Recent advances in the diagnosis and treatment of age-related macular degeneration have altered our approach to this blinding disease, such that most patients will not lose significant vision. This is especially important considering the aging population, and the increased life expectancy of that group. Most data suggest that currently, 1.75 million Americans suffer from advanced AMD, defined as having significant geographic atrophy or neovascularization. The number is projected to reach 3 million persons by 2020.1,2 Well-defined risk factors for the development of AMD include family history of AMD, advancing age, Caucasian heritage and smoking. Recent studies into the genetic basis of AMD lend insight into future avenues of therapeutic intervention.3

The natural history and economic impact of this disease is devastating, as most patients with untreated exudative AMD will become legally blind within two years of diagnosis. In addition to the loss of financial resources and reduced quality of life, it is estimated that advanced AMD is responsible for a 0.3-percent reduction of the United States gross domestic product, or $30 billion.

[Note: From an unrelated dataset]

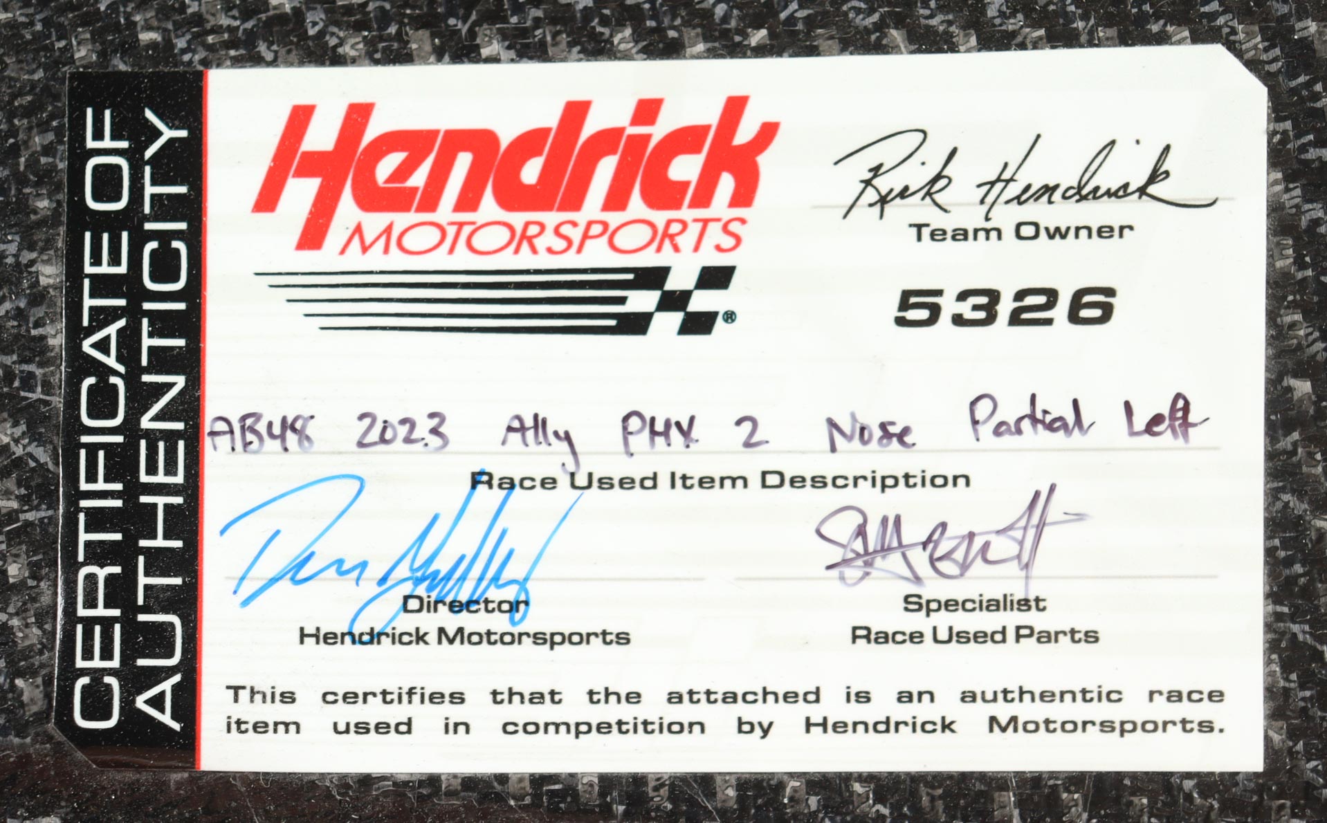 Authentication: Hendrick Motorsports COA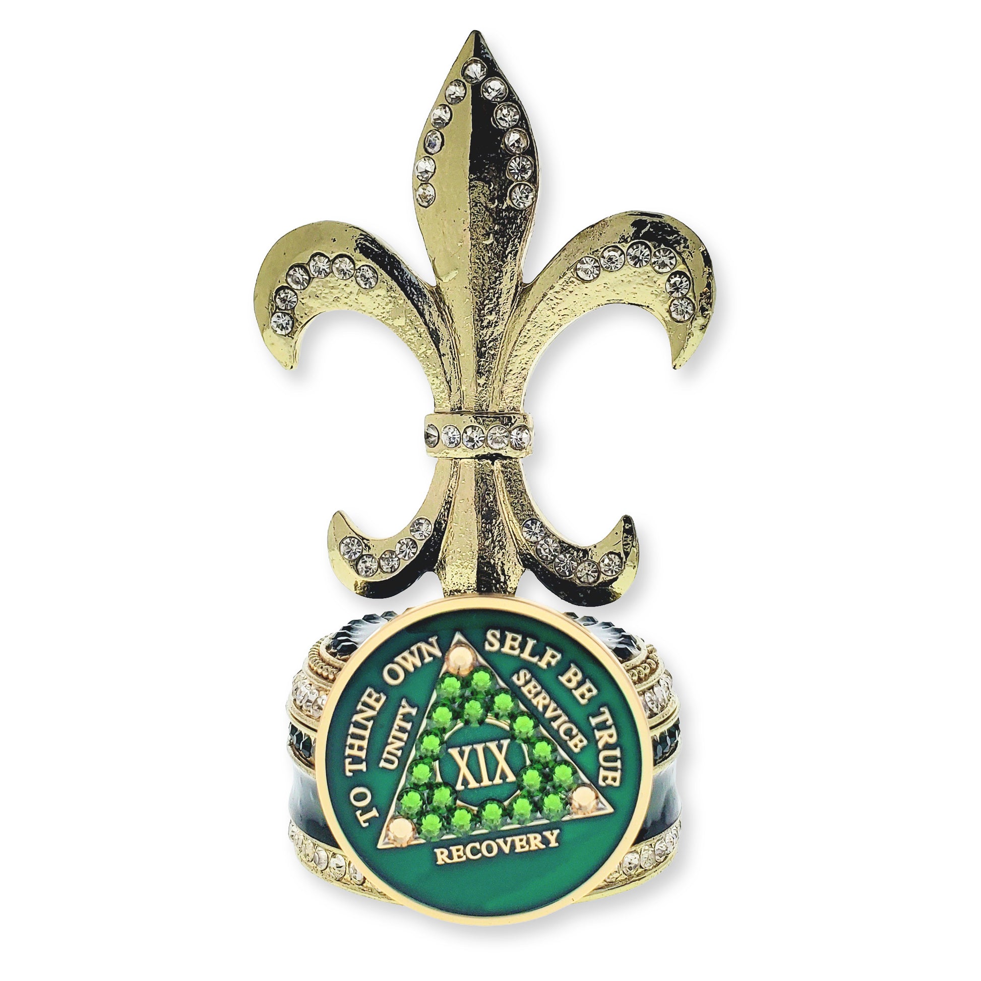 An absolutely stunning purple enameled Fleur de Lis-topped trinket box with hand-set Swarovski crystals and gold-plated trim. The trinket box is paired with a gorgeous green and gold crystallized sobriety coin. Perfect for those who enjoy a touch of class.

Prior to the availability of anti-vascular endothelial growth factor agents in early 2005, the only available treatment options for choroidal neovascularization secondary to AMD were destructive interventions such as thermal laser and photodynamic therapy with verteporfin. Treatment with thermal laser, as guided by the Macular Photocoagulation Study, remains an option for some extrafoveal and juxtafoveal lesions. However, the high risk of recurrence and permanent blind spot may make this an unappealing option in the modern era.4-6

A number of clinical trials testing PDT demonstrated a slowing of visual loss in some patients with CNV. Patients in the Treatment of Age-Related Macular Degeneration with Photodynamic Therapy (TAP) study had classic CNV, and showed a benefit in visual stabilization.7,8 A small subset of that cohort, patients with pure classic CNV, did significantly better than those with predominantly classic disease, and statistically drove the efficacy for the entire group.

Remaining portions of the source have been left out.